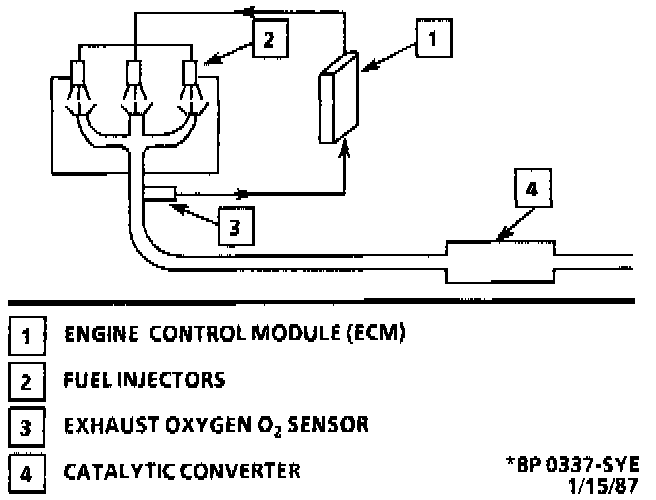 The specific values for the above conditions vary with different engines, and are stored in the memory calibrator (Mem-Cal) portion of the ECM. When these values are met, the system goes into "Closed Loop" operation. In "Closed Loop," the ECM calculates the air/fuel ratio (injector "ON"-time) based on the signal from the O2 sensor. This allows the air/fuel ratio to stay very close to 14.7:1.
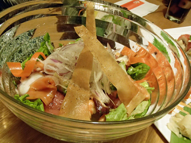 オーダーしたもの全てがおいしかったのだが、あえて誰もが楽しめそうなものを一つあげておくと「サシミ・サラダ」だろうか。いろんな刺身をサラダの具材として使うなんて贅沢で、家庭では出来そうで出来ない「作品」だ。量もあるし、皆で取り分けて食べるのにもちょうどいい。
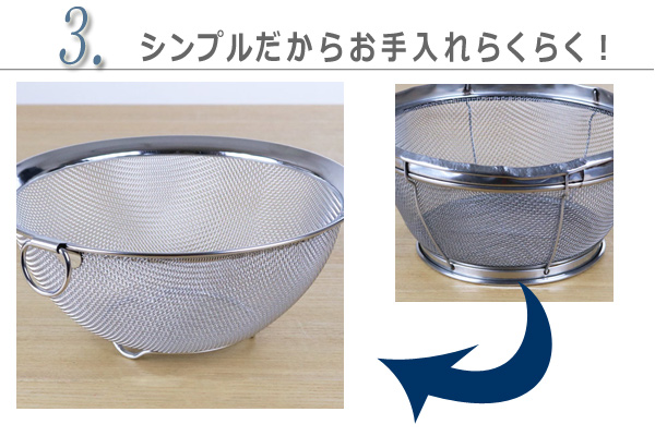 ●素材から加工まですべてが日本製のこだわりのザルです。
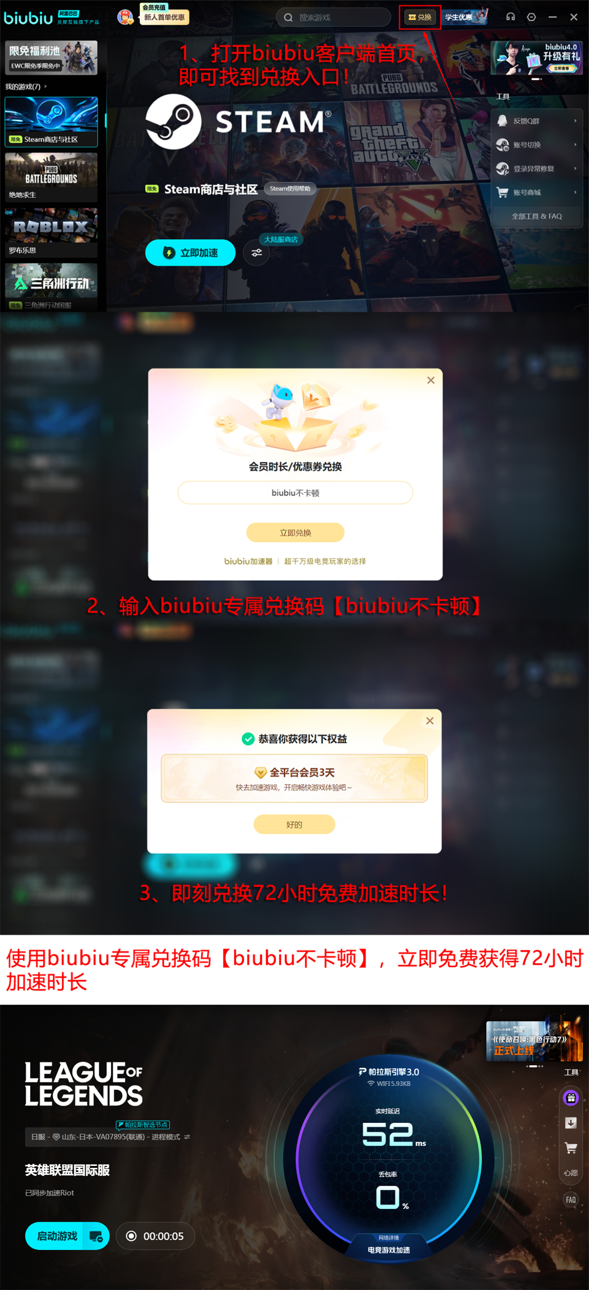 在用户体验方面,biubiu同样表现出色。新用户注册即可享受24小时免费加速服务,轻松体验完整功能。同时,输入专属兑换码【biubiu不卡顿】还可额外领取72小时会员时长,每位账号限用一次,总计最高可达96小时免费使用时间。对于初次尝试的玩家来说,这样的福利设置极大降低了试用门槛。除此之外,平台还整合了实用的游戏攻略查询系统以及活跃的玩家交流社区,助力玩家快速掌握版本动态与战术技巧。
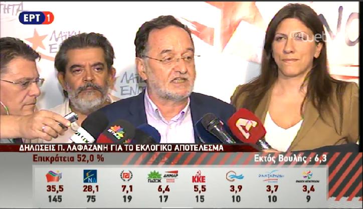 Gli scissionisti di Syriza, guidati dall’ex ministro Panagiotis Lazafanis e dalla presidente della Voulì Zoe Konstantopoulou, hanno fondato il partito Laiki Enotita, “Unità popolare”, che non è entrato in parlamento essendosi fermato al 2,8% dei voti.
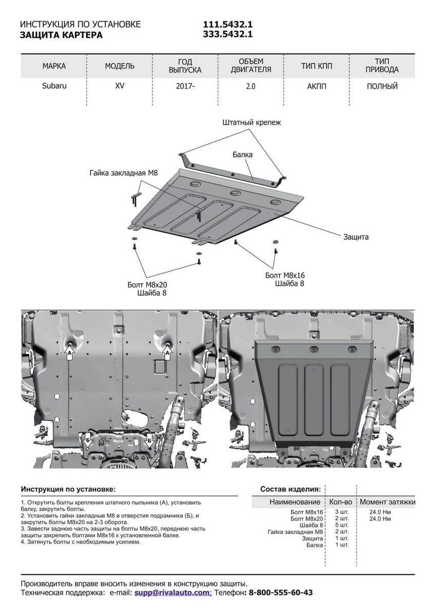 Защита картера Rival для Subaru XV II (V - 2.0) 4WD 2017-н.в., алюминий 4 мм, с крепежом, 333.5432.1
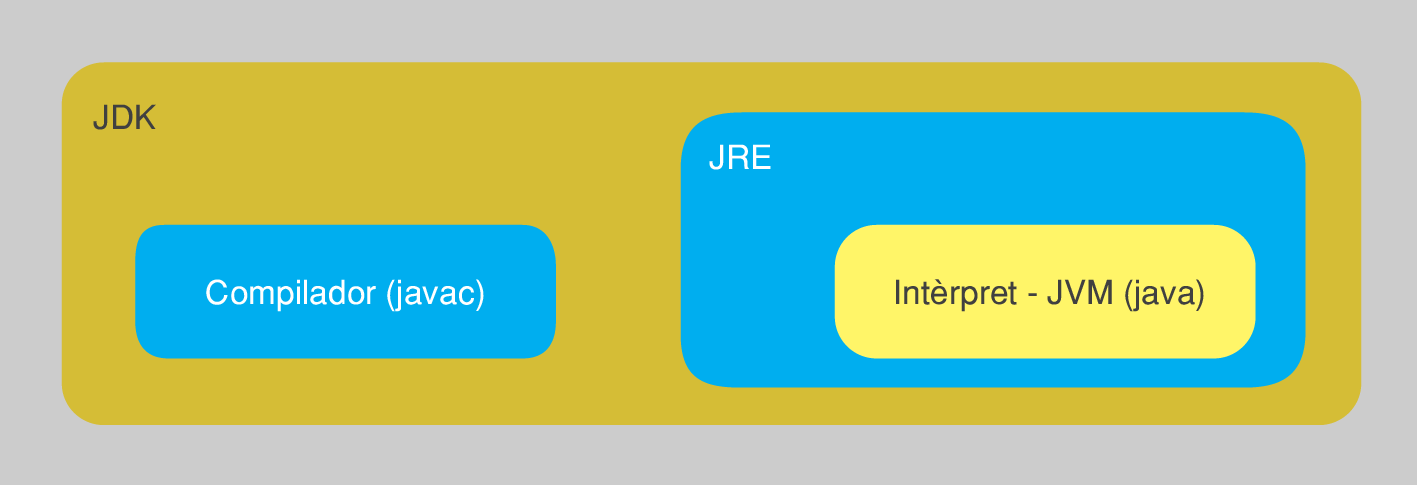 Un cop disposem del fitxer amb bytecode, aquest només pot ser executat amb l’ajut de l’intèrpret de Java, conegut popularment com la JVM (Java virtual machine, màquina virtual de Java). Aquesta s’inclou dins el paquet anomenat JRE (Java runtime environment, entorn d’execució de Java). Alhora, el JRE ja va incorporat automàticament dins del JDK. La figura mostra un esquema de la relació entre eines incloses als diferents paquets per al desenvolupament i execució de programes en Java.
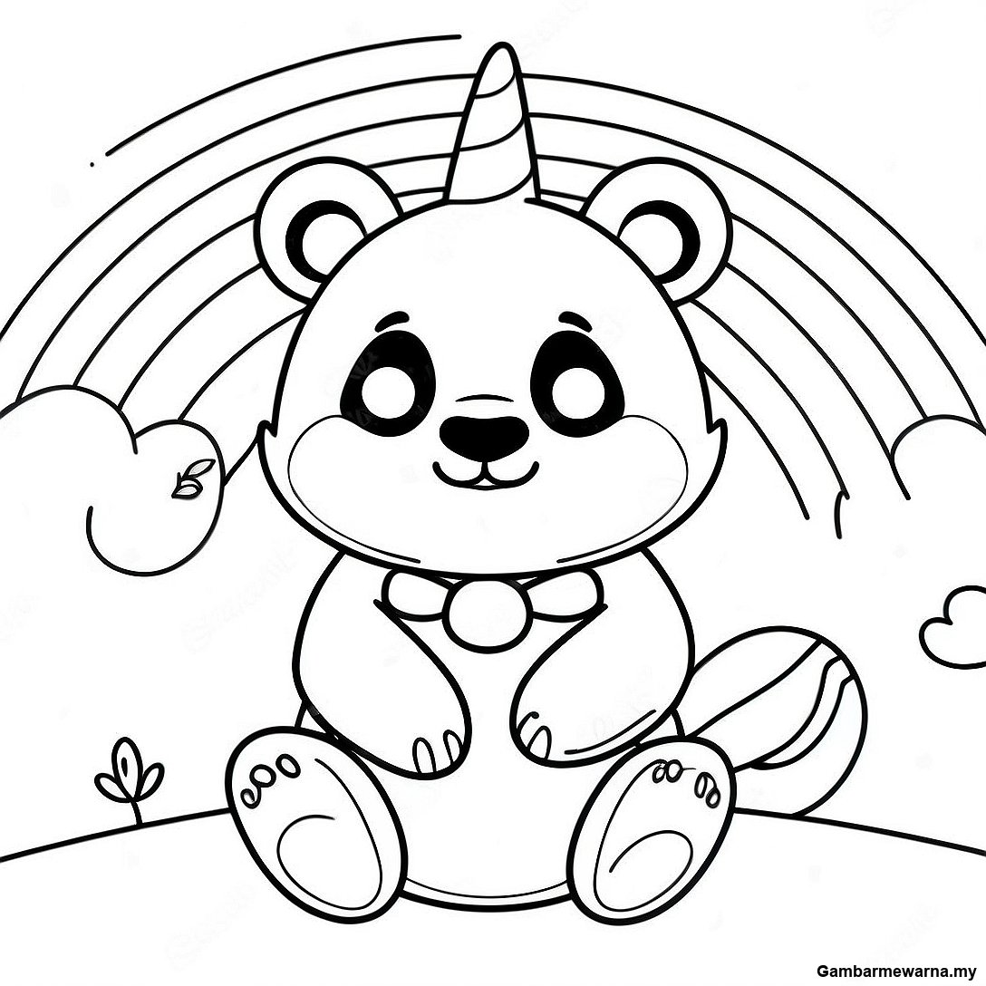 Halaman Mewarna Panda Unicorn Yang Megah Dengan Latar Belakang Pelangi
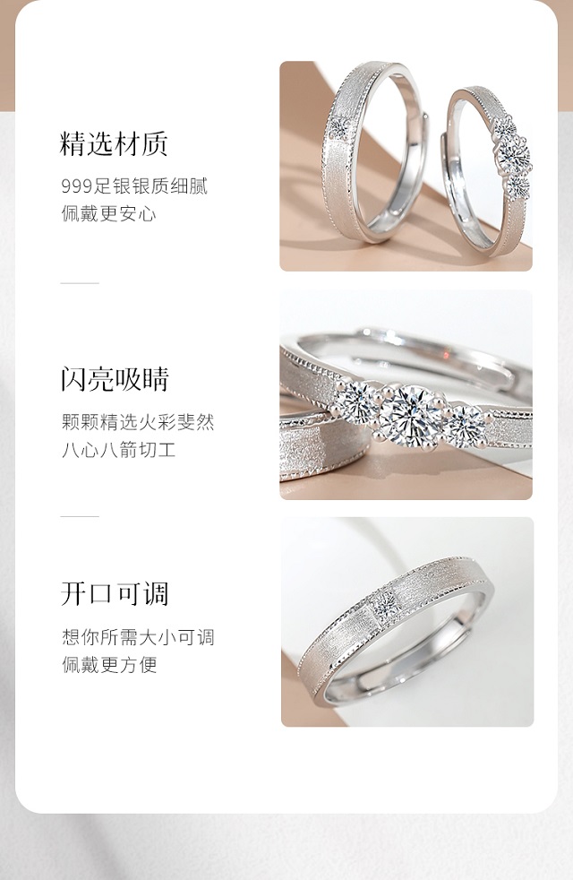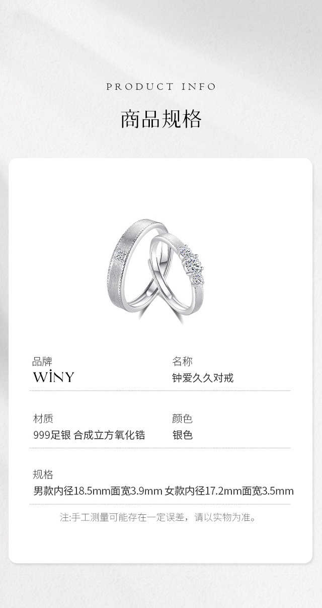 Winy999足银钟爱久久对戒送女友闺蜜节日生日礼物
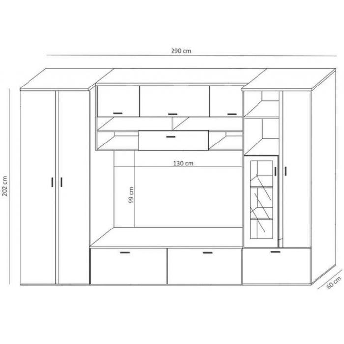 Zestaw o szerokości 290 cm, wysokości 202 cm i głębokości 60 cm zapewnia komfortową ilość miejsca na przechowywanie ubrań, dokumentów czy dodatków dekoracyjnych. Liczne półki, szafki i przestrzeń zamknięta umożliwiają zachowanie porządku w pomieszczeniu, a jednocześnie eksponowanie ulubionych przedmiotów. Meblościanka Enter to idealne rozwiązanie dla osób, które szukają mebli o dużej funkcjonalności i eleganckim wyglądzie.
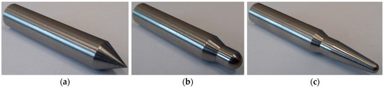 Based on the specifications in the literature [25,34,35,36] and the technical requirements of the test stand, the geometry of the three strikers (conical striker, hemispherical striker and ogival striker) was developed. The strikers were designed with dimensions that allowed them to be the same weight (about 49 g). This was important as this means they will have the same impact energy during an impact at the same velocity. This in turn allowed the authors to assess the impact of the striker’s geometry on the resulting damage to the composites. The strikers were made from S235JR steel. The dimensions of the strikers are shown in Figure A1 and the manufactured strikers are shown in Figure 3.

○ ○ ○ ○ ○ ○ ○

Drop the pictures, then write out only the lines running from the one containing "Halaman Mewarna Panda" through the last line above, both included, exactly.

 Halaman Mewarna Panda Unicorn Yang Megah Dengan Latar Belakang Pelangi
 Winy999足银钟爱久久对戒送女友闺蜜节日生日礼物
 Zestaw o szerokości 290 cm, wysokości 202 cm i głębokości 60 cm zapewnia komfortową ilość miejsca na przechowywanie ubrań, dokumentów czy dodatków dekoracyjnych. Liczne półki, szafki i przestrzeń zamknięta umożliwiają zachowanie porządku w pomieszczeniu, a jednocześnie eksponowanie ulubionych przedmiotów. Meblościanka Enter to idealne rozwiązanie dla osób, które szukają mebli o dużej funkcjonalności i eleganckim wyglądzie.
 Based on the specifications in the literature [25,34,35,36] and the technical requirements of the test stand, the geometry of the three strikers (conical striker, hemispherical striker and ogival striker) was developed. The strikers were designed with dimensions that allowed them to be the same weight (about 49 g). This was important as this means they will have the same impact energy during an impact at the same velocity. This in turn allowed the authors to assess the impact of the striker’s geometry on the resulting damage to the composites. The strikers were made from S235JR steel. The dimensions of the strikers are shown in Figure A1 and the manufactured strikers are shown in Figure 3.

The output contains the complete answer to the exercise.